A World Apart (book) - Description

Description

The book A World Apart contains the author's recollections beginning from his time spent incarcerated in the former USSR Gulag labour camp in Yertsevo in Siberia, and a description of the journey he took to join the Polish divisions forming in Persia. Written 10 years before Aleksandr Solzhenitsyn's One Day in the Life of Ivan Denisovich, it brought him international acclaim but also criticism from Soviet sympathizers.

The book contains detailed, often drastic depictions from the lives of Gulag prisoners. Much of the book is given to the analysis and interpretation of the attitudes, behaviour and emotions of specific prisoners and also to the internal mechanisms and independent laws of behaviour in the camps.

The book was initially greeted well in England, with a foreword written by Bertrand Russell but had to wait until 1985 for its publication in France. According to Herling, this was due to the reluctance of the left-leaning publishing houses in that country. With greater interest in the Gulag, it has been reprinted in Britain, with the foreword written this time by Anne Applebaum.

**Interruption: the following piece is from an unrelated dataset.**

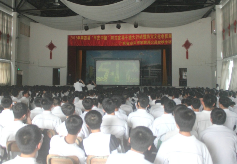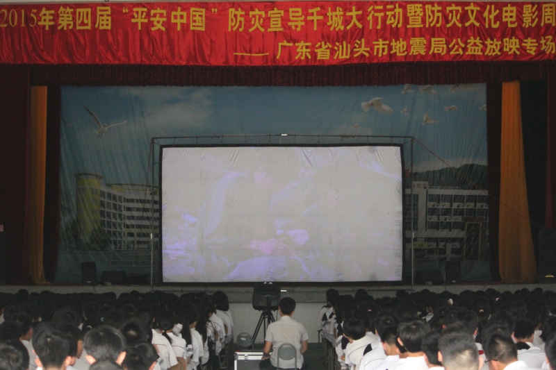 为进一步提高汕头市濠江区中学生防震减灾意识和应急自救、互救能力,切实增强中学生的安全保护意识,5月8日下午,在汕头市地震局的大力支持和指导下,濠江区科协、区经信局在达濠华侨中学大礼堂举行“2015年第四届‘平安中国’防灾宣导千城大行动暨防灾电影放映周”专项活动。汕头市地震局吴华强纪检组长、张惠霞科长和区经信局郑伯香副局长等领导莅临活动现场进行指导。达濠华侨中学高一级师生共900多人参加了活动。

As Herling noted in a preface to the Russian edition (1986) of his book, the cultural establishment almost always followed Sartre’s advice: "even if it is true, don’t speak about it". The Russian edition preceded some Western language editions: the French translation of the book was not published until 1995, the Italian one until 1994, both delayed by the unwillingness of local pro-Soviet sympathizers to discuss Soviet crimes. The Polish bibuła underground edition was published in 1980, the normal edition was published only near the fall of communism in Poland, in 1988.